Ollama exposes an OpenAI-compatible REST API at http://localhost:11434/v1. This means every library, framework, and application that integrates with OpenAI can point at your local fine-tuned model with a one-line change.
No new SDKs. No API wrapper code. Just change the baseURL and the model name.
What "OpenAI-Compatible" Actually Means
Ollama implements the OpenAI Chat Completions API format:
POST /v1/chat/completions— the primary endpoint- Request body format identical to OpenAI's (model, messages, temperature, max_tokens, stream, etc.)
- Response format identical (choices, message.content, usage, etc.)

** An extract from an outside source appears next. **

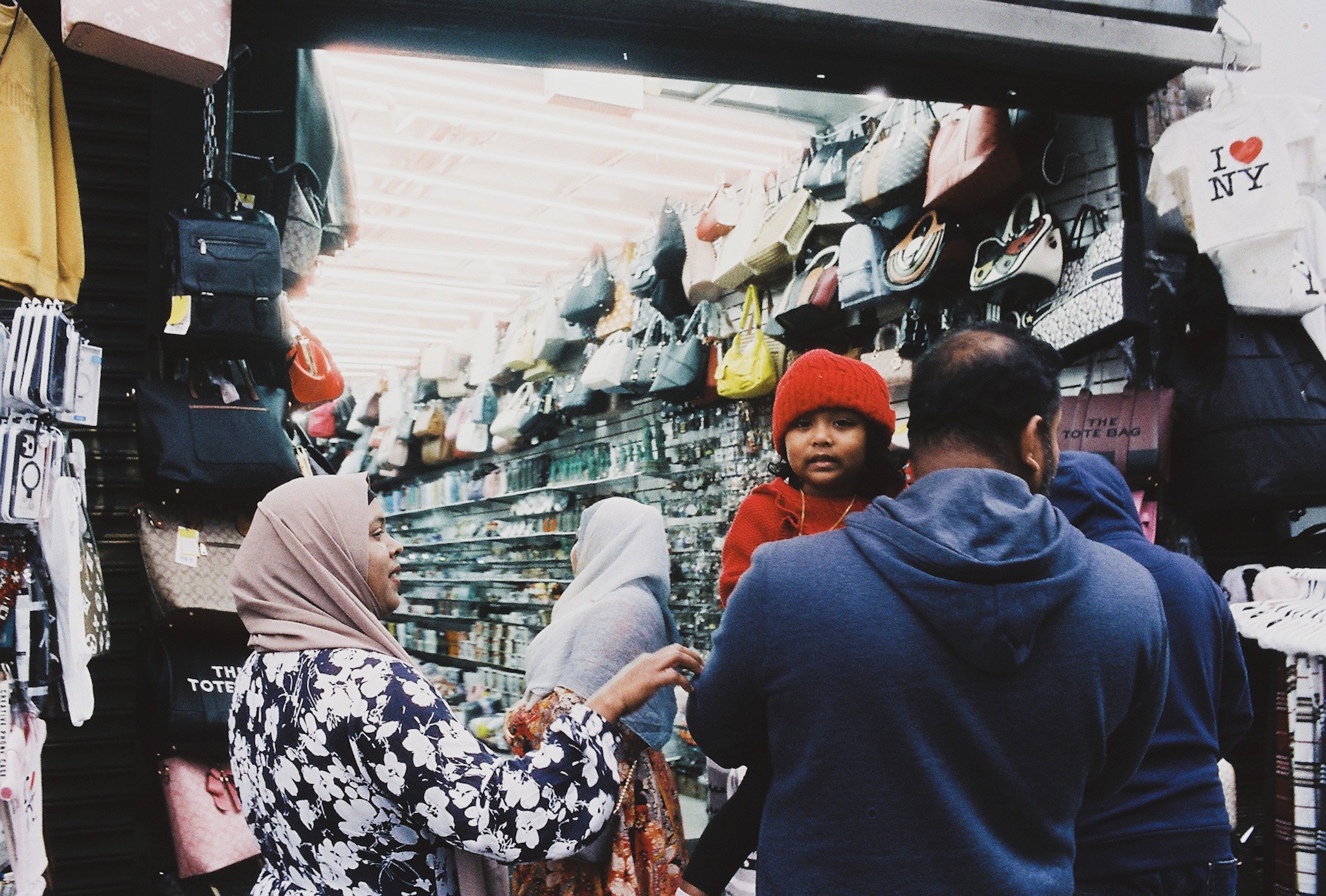 People shopping for handbags in a store with shelves filled with various purses and bags.

Not every OpenAI feature is implemented. Supported:
- Chat completions (most important)
- Streaming via
stream: true - Embeddings via
POST /v1/embeddings(select models) - Model listing via
GET /v1/models
Not supported:
- Fine-tuning via API (you do this in Ertas instead)
- Image generation
- Voice/audio APIs
- Assistants API (the stateful threads/runs interface)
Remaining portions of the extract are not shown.